As a general-interest reporter, you have to cram knowledge and then discard it to make room for the next story, and you have to move on.
But at a book reading in Greenwich Village last night, I was bracingly reminded why some stories you do just matter more, and stick to your guts. Most of my tenure was spent covering pop culture, which certainly is important to a lot of people, but is rarely life-or death.
Not so this story.
My first meeting & demonstration |
I just dug up a paper pocket calendar to find the date - November 6, 1989 - (right) that I first attended a weekly meeting of ACT UP - the AIDS Coalition To Unleash Power - which had formed in March 1987.
I had been assigned to write a longform piece by Rolling Stone. I think one of my editors, Susan Murcko, had brought in a clipping about the group from the Village Voice. Or maybe the Times.
I wanted to suss out who was who and what was what, and the best way was to attend the open, democratic, freewheeling, sometimes fractious, often cruise-y Monday night forum at New York's Gay & Lesbian Community Center at 208 West 13th Street. It was run by "facilitators" and everything was decided by majority vote, after kicking off with the request that any undercover cops identify themselves (none ever did).
The facilitator, Ann Northrop - a lesbian former debutante and TV news producer - described ACT UP to those in attendance as "a diverse, nonpartisan group of individuals united in anger and committed to direct action to end the AIDS crisis."
All true.
A few weeks earlier, in September, seven members of ACT UP had donned fake IDs and worn suits to infiltrate the New York Stock Exchange, chaining themselves to the VIP balcony and unveiling a banner saying "SELL WELLCOME," a reference to the pharma company Burroughs Wellcome which made the only approved AIDS drug at the time, and had priced it at $10,000 per patient per year. Meanwhile compariots outside staged a "die-in" blocking traffic. Many traders angrily screamed things like 'Die, faggots!' and 'Mace them!'Wall Street, Sept. 1989 |
But a few days later, Wellcome lowered the price of its drug by more than a third.
This -- was impressive.
It turned out that the leader of that action, Peter Staley, knew what would be impactful because he had worked on Wall Street as a closeted gay man and had been participating in ACT UP secretly until his t-cell count got so low that he quit to become a full-time activist.

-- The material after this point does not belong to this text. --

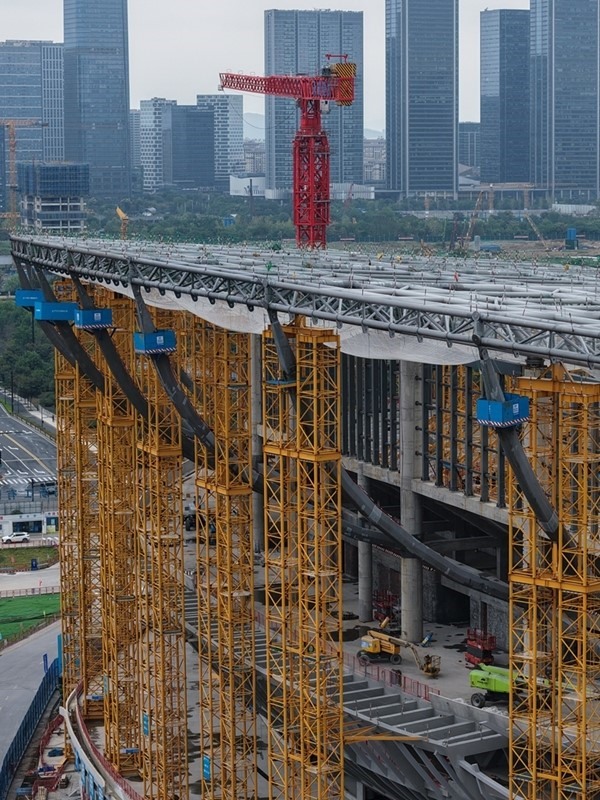 目前,體育館及游泳跳水館工程主體結(jié)構(gòu)全面封頂,已進入大規(guī)模鋼結(jié)構(gòu)施工階段;足球場工程鋼屋蓋整體進度過半,主體結(jié)構(gòu)已完成90%,項目建設(shè)正穩(wěn)步推進。

Staley was exactly my age - 28 - charismatic, impassioned, articulate - and in the fight of, and for, his life.
Just two days later, I attended my first demonstration, and my story was off and running.
A month later, I was with ACT UP inside St. Patrick's Day Cathedral for their choreographed "Stop The Church" interruption of mass led by Cardinal John J. O'Connor, who had opposed teaching of safe sex in schools and condom distribution. 4500 protesters showed up outside, and 111 were arrested.
The impact got muddied when, during communion, a renegade member threw a wafer angrily to the ground, which enabled critics - and President George H.W. Bush - to say they'd gone too far. But they of course got more publicity for it.
As I continued to report, I naturally found myself focusing on individuals -- most of them leaders, like co-founder playwright Larry Kramer, Staley, and Northrop, and Mark Harrington and Jim Eigo of the "Treatment and Data" committee, who were monitoring the status of medications and trials.
But I also found interesting Natasha Gray, a 25-year-old Bryn Mawr grad who hadn't known anyone with AIDS, who had gotten involved through the issue of housing for the homeless, many of whom were now becoming infected. Gray talked to me both about how empowering the group was in terms of self-education, but also about how she now was dreading losing her new friends to the illness. I decided to include her as a point of entry for readers like her.